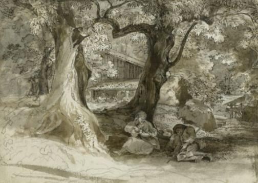 | Peasant man and woman resting under some trees. | |
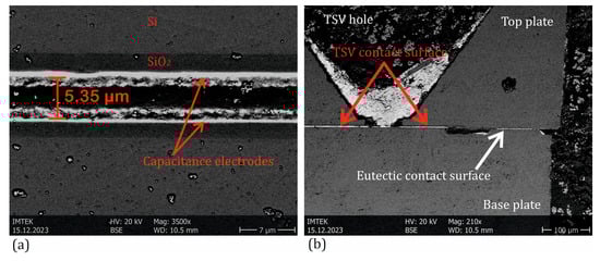 Microscopic cross-sectional image of a manufactured absolute pressure sensor. (a) The electrode distance. (b) A TSV, the TSV bonding area, and the eutectic bonding area.
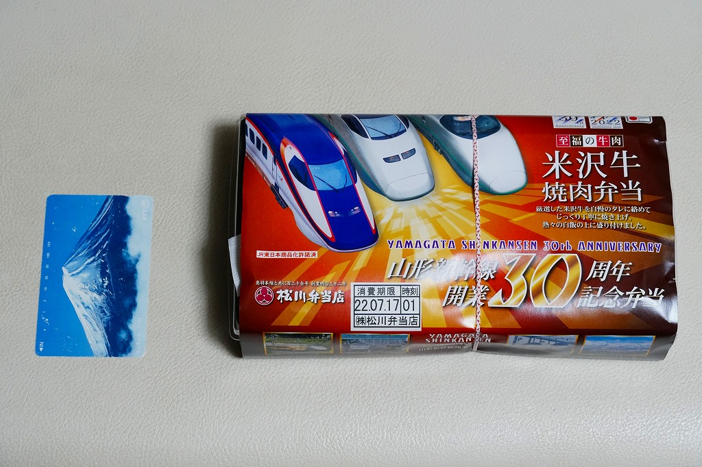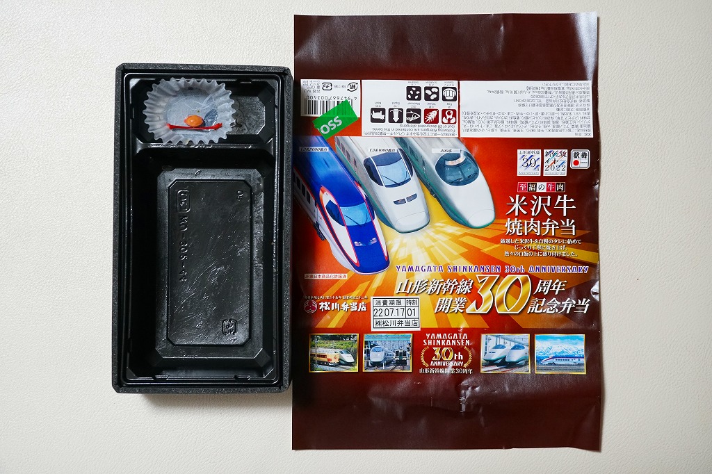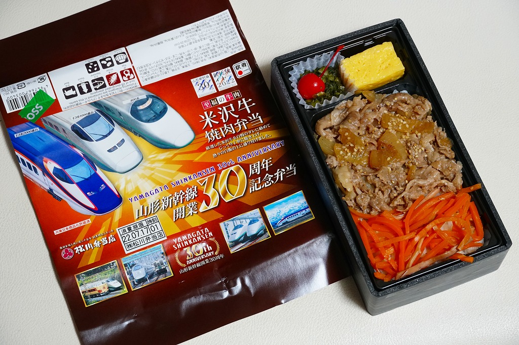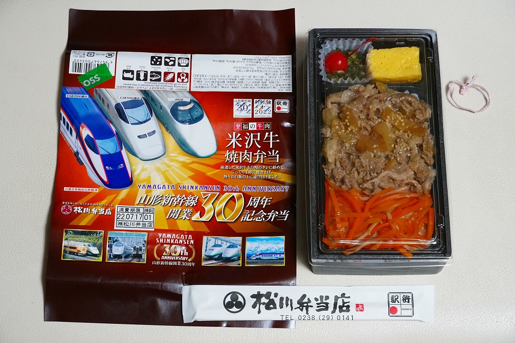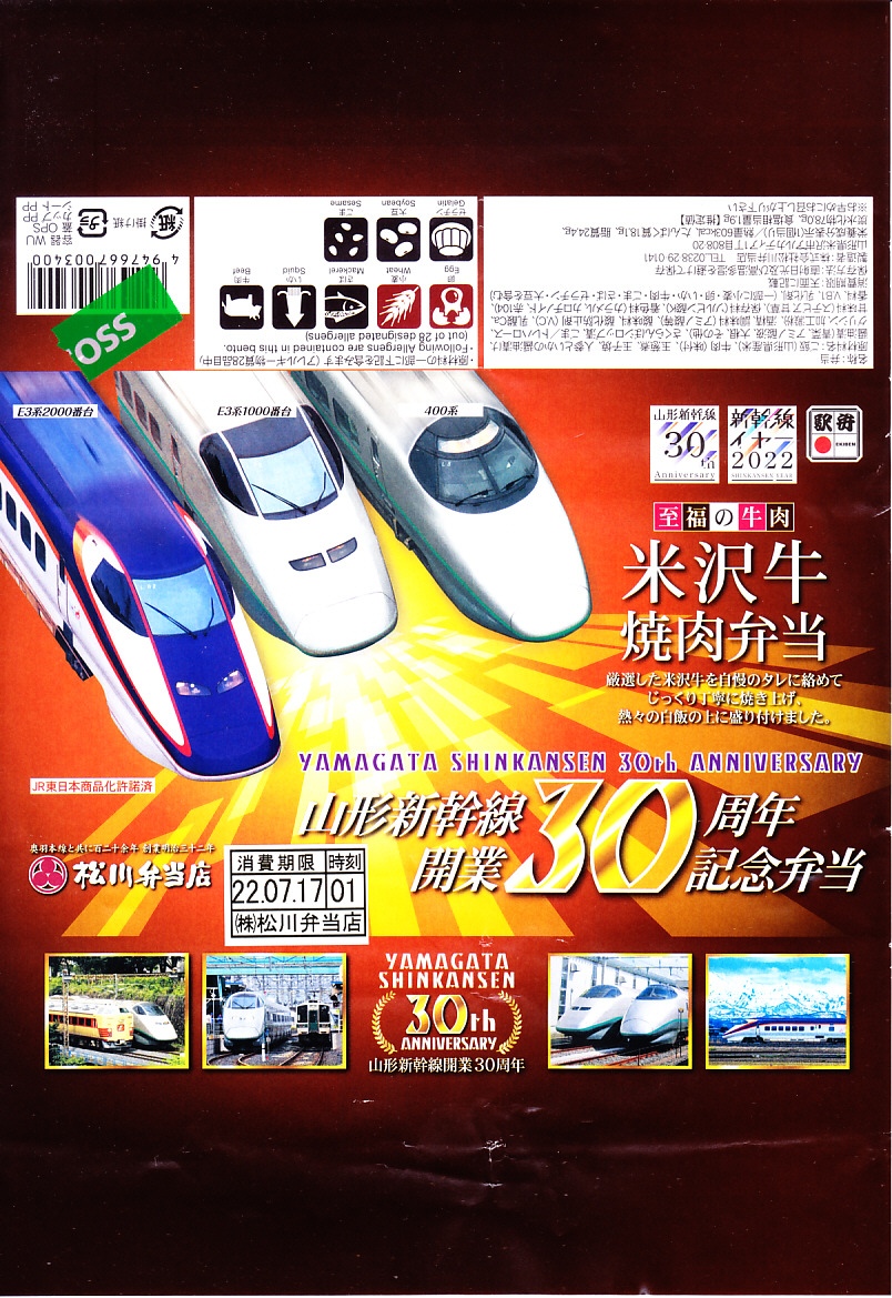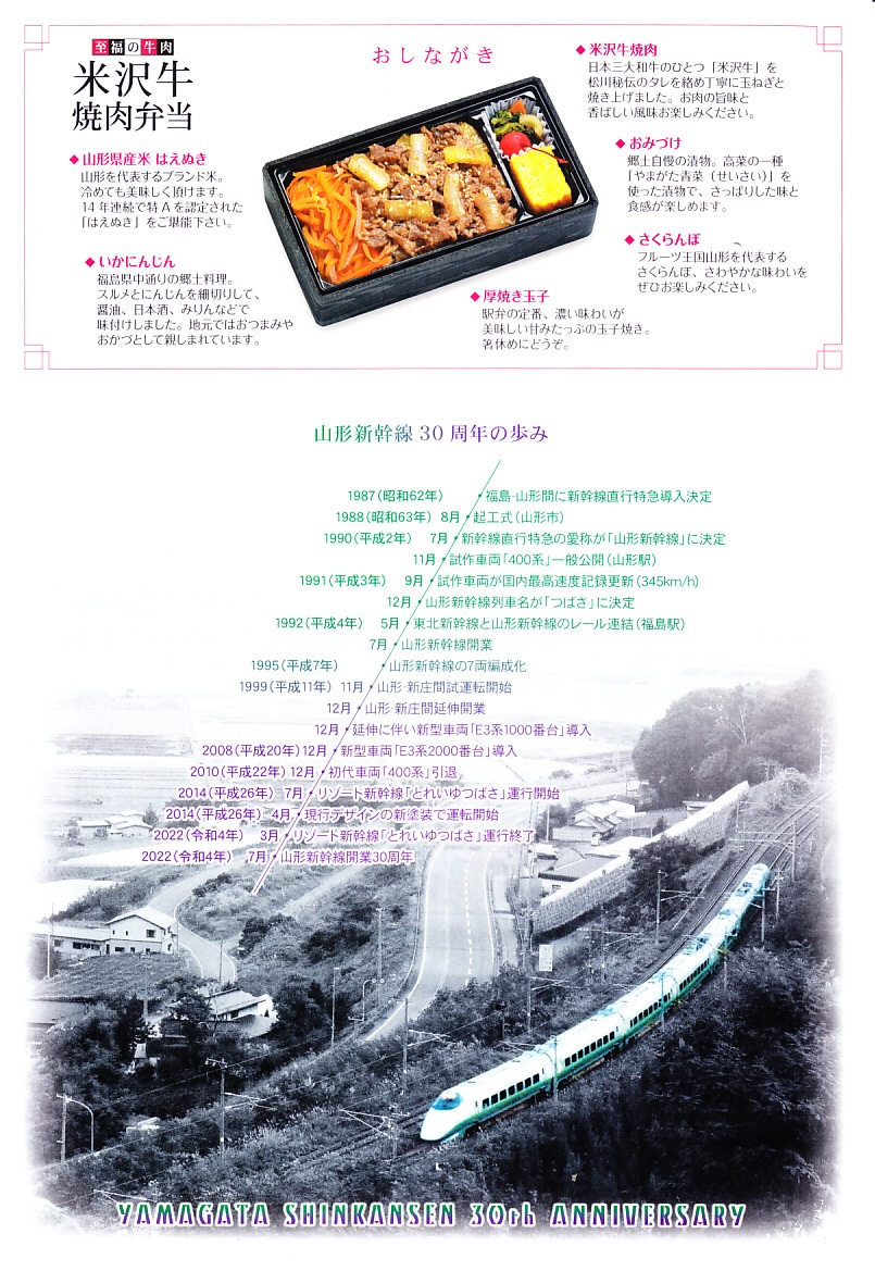 2021(令和3)年7月1日に発売、8月31日までの販売。米沢駅では要予約といい、東京駅などの首都圏各駅と、仙台駅、山形駅、新庄駅、福島駅で売られるそうな。過去の山形駅弁「米沢牛焼肉弁当」とのつながりはないと思われる、山形新幹線開業30周年記念駅弁。掛紙の表面には歴代の山形新幹線電車3種類のイラストを描き、裏面にはおしながきと山形新幹線の歴史を記す。

EXERCISE OBJECTIVE —
Transcribe exactly the lines above, running from the one that contains "Microscopic cross-sectional image" through the final line of the listing, and skip every picture.

OUTPUT OF THE EXERCISE —
 Microscopic cross-sectional image of a manufactured absolute pressure sensor. (a) The electrode distance. (b) A TSV, the TSV bonding area, and the eutectic bonding area.
 2021(令和3)年7月1日に発売、8月31日までの販売。米沢駅では要予約といい、東京駅などの首都圏各駅と、仙台駅、山形駅、新庄駅、福島駅で売られるそうな。過去の山形駅弁「米沢牛焼肉弁当」とのつながりはないと思われる、山形新幹線開業30周年記念駅弁。掛紙の表面には歴代の山形新幹線電車3種類のイラストを描き、裏面にはおしながきと山形新幹線の歴史を記す。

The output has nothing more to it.